[ACTIVITY] Copy out the data word for word, without any of its pictures.

[GIVEN MATERIAL]
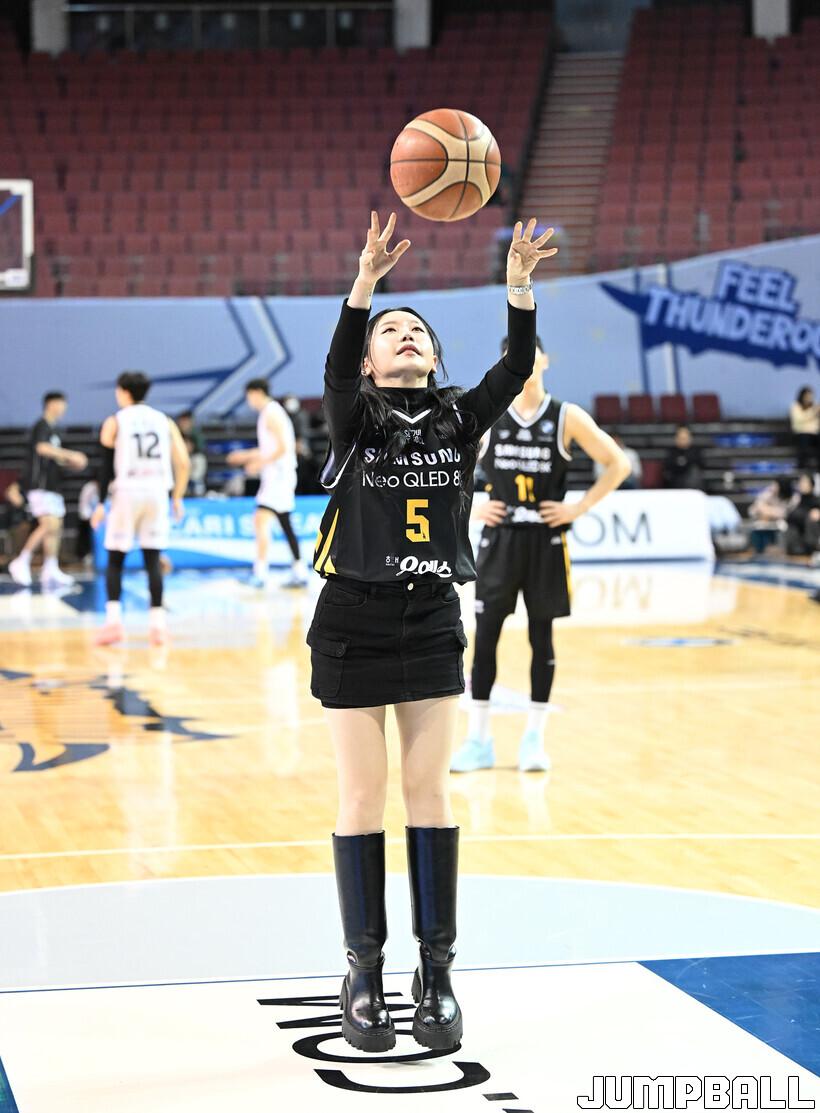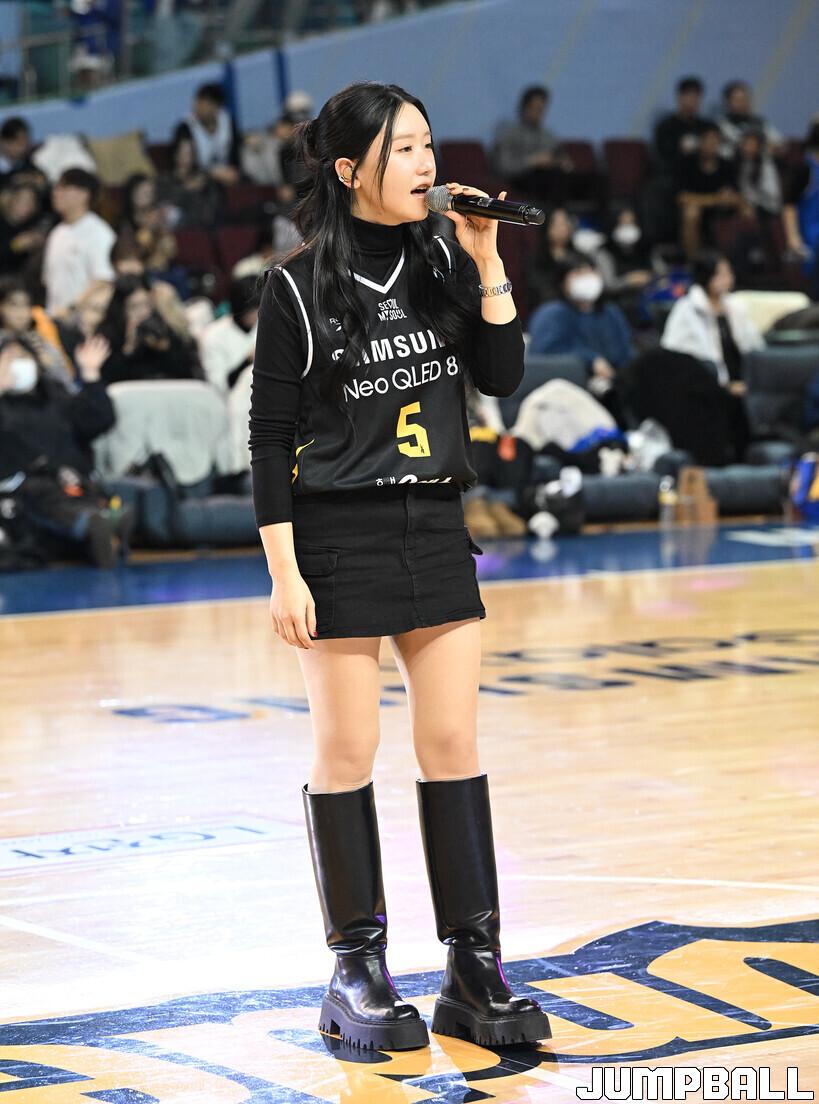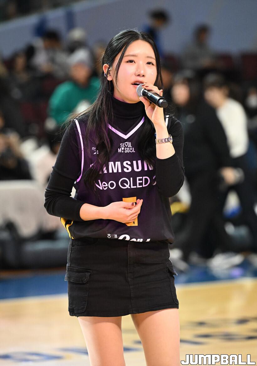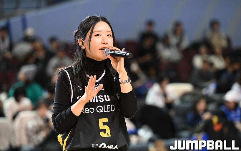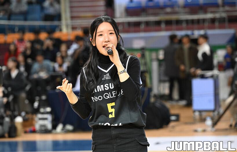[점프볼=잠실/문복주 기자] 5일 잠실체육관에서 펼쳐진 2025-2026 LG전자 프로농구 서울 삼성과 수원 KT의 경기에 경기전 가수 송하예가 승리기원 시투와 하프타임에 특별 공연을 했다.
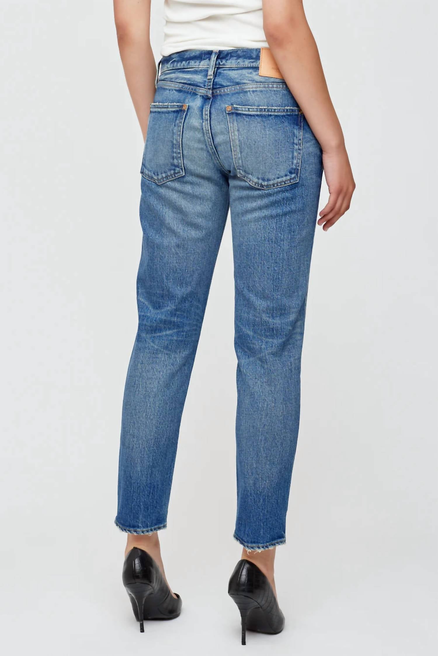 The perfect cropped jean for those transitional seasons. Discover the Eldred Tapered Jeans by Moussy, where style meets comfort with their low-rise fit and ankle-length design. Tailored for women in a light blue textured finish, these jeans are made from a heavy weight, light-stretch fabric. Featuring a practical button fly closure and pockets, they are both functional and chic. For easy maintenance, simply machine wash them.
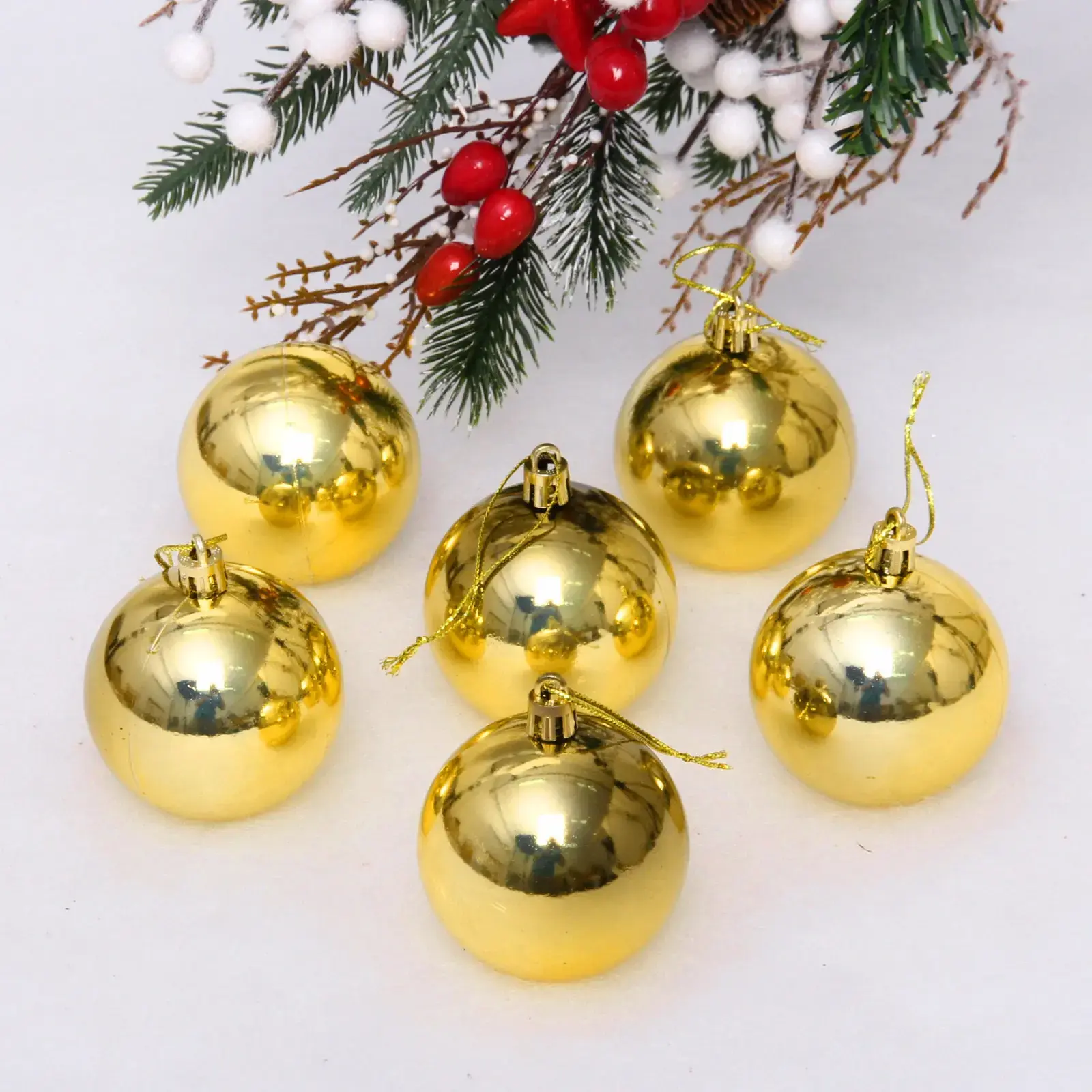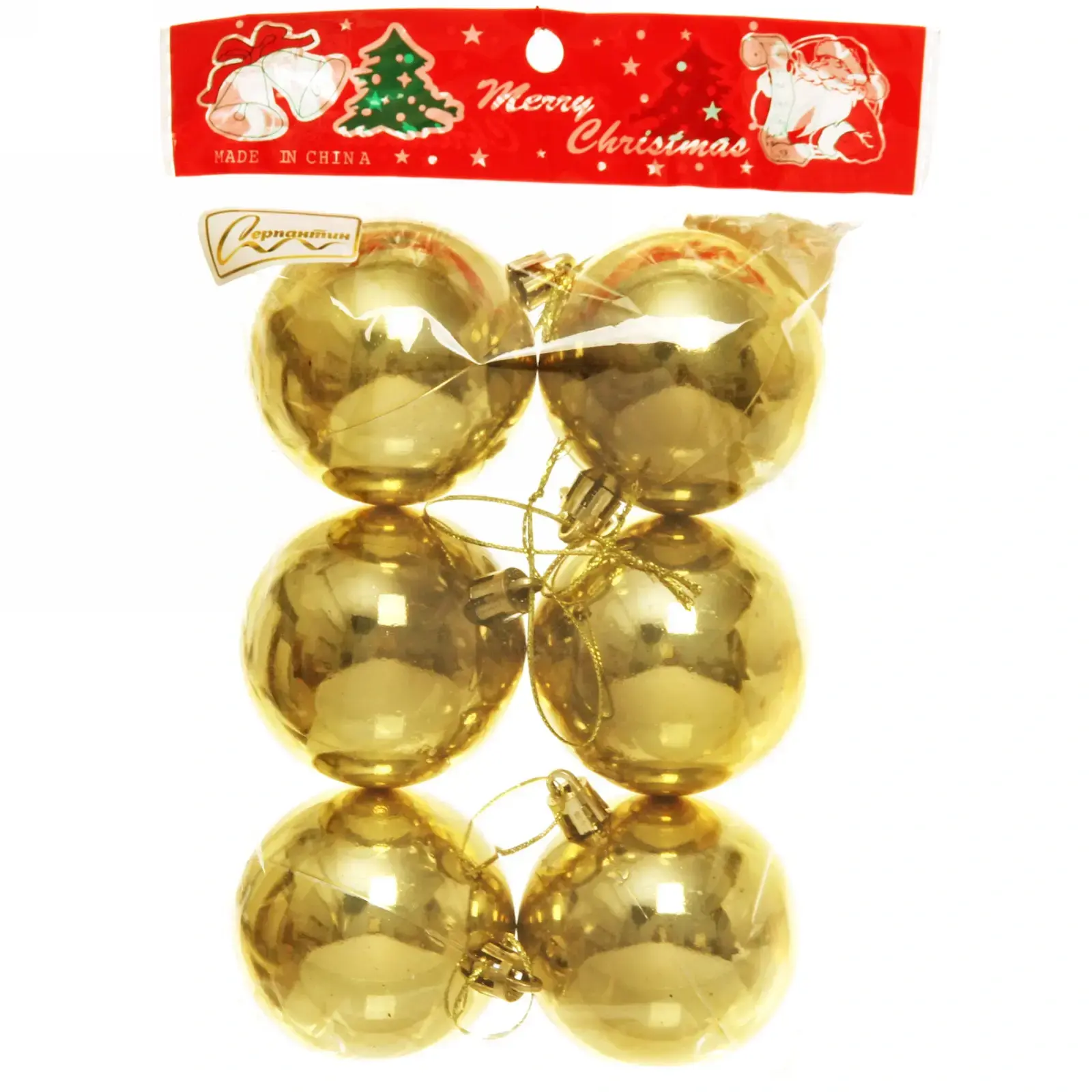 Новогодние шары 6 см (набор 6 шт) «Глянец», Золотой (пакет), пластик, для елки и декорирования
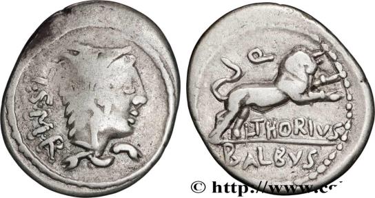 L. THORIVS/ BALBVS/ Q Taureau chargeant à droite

[ANSWER BELOW]
[점프볼=잠실/문복주 기자] 5일 잠실체육관에서 펼쳐진 2025-2026 LG전자 프로농구 서울 삼성과 수원 KT의 경기에 경기전 가수 송하예가 승리기원 시투와 하프타임에 특별 공연을 했다.
 The perfect cropped jean for those transitional seasons. Discover the Eldred Tapered Jeans by Moussy, where style meets comfort with their low-rise fit and ankle-length design. Tailored for women in a light blue textured finish, these jeans are made from a heavy weight, light-stretch fabric. Featuring a practical button fly closure and pockets, they are both functional and chic. For easy maintenance, simply machine wash them.
 Новогодние шары 6 см (набор 6 шт) «Глянец», Золотой (пакет), пластик, для елки и декорирования
 L. THORIVS/ BALBVS/ Q Taureau chargeant à droite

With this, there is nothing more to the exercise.